▶ [MATERIAL SUPPLIED]
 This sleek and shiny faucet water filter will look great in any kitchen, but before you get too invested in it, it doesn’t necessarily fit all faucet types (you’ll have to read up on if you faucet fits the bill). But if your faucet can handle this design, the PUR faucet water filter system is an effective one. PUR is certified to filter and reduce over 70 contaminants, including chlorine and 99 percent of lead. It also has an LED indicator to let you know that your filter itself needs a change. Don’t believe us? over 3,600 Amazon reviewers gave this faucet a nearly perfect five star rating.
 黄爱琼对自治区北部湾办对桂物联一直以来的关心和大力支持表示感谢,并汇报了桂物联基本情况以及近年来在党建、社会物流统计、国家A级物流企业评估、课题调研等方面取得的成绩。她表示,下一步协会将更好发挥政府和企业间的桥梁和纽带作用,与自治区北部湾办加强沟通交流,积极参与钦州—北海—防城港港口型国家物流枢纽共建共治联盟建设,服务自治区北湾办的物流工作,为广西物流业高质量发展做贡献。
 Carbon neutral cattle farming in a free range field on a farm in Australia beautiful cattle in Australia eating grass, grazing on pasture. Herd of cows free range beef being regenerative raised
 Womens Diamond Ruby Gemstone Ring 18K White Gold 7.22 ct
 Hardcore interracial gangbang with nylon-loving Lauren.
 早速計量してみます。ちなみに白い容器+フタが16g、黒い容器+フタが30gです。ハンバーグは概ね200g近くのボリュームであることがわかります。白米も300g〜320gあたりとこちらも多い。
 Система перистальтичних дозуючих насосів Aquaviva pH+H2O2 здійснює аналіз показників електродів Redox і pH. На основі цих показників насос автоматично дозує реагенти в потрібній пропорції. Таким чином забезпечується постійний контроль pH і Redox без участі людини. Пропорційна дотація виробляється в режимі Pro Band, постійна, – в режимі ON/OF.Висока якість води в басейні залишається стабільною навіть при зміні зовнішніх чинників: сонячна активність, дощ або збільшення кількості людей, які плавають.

---

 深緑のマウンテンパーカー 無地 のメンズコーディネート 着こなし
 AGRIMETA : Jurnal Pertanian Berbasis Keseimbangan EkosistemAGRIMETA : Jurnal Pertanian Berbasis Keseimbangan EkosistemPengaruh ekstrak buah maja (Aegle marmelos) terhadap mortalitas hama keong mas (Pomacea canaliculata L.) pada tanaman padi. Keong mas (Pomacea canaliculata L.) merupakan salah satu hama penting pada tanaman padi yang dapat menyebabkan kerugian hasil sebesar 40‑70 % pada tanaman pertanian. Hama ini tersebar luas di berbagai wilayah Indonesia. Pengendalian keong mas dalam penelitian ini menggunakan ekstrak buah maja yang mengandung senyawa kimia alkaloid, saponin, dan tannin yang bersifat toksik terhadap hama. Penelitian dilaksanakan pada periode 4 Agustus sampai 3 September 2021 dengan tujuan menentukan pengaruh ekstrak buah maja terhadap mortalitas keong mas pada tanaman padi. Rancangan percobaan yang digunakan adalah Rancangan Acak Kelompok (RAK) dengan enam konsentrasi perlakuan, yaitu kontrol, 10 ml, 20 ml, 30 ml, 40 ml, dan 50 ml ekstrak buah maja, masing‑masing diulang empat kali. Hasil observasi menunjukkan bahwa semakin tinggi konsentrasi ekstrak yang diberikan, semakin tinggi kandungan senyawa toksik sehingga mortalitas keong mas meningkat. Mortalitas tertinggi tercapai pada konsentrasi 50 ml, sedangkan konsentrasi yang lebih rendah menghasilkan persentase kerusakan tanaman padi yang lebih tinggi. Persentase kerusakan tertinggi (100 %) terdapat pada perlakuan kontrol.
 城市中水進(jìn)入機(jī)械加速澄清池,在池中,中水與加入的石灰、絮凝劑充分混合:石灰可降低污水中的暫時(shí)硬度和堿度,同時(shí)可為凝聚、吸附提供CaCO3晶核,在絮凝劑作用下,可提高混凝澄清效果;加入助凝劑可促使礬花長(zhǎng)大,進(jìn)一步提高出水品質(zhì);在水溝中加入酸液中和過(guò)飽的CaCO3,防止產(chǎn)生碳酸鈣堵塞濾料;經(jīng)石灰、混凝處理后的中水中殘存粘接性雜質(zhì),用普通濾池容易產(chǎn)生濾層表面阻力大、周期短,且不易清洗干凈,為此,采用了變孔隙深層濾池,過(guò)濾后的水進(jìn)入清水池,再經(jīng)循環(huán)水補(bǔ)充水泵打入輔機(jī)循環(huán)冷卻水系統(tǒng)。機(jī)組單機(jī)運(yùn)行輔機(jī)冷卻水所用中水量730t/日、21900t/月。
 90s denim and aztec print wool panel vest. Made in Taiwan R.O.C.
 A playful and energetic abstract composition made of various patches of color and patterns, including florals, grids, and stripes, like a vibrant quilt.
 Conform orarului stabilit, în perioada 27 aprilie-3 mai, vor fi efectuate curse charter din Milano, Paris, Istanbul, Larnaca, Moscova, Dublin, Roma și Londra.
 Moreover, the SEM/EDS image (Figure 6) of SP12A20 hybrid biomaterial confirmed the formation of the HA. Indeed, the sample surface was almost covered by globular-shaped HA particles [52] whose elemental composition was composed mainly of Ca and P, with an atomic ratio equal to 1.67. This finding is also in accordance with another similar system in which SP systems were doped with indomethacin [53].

▶ [ACTIVITY]
Only a number is expected here: the count of lines in the records above that include the word "with".

▶ [RESULT]
2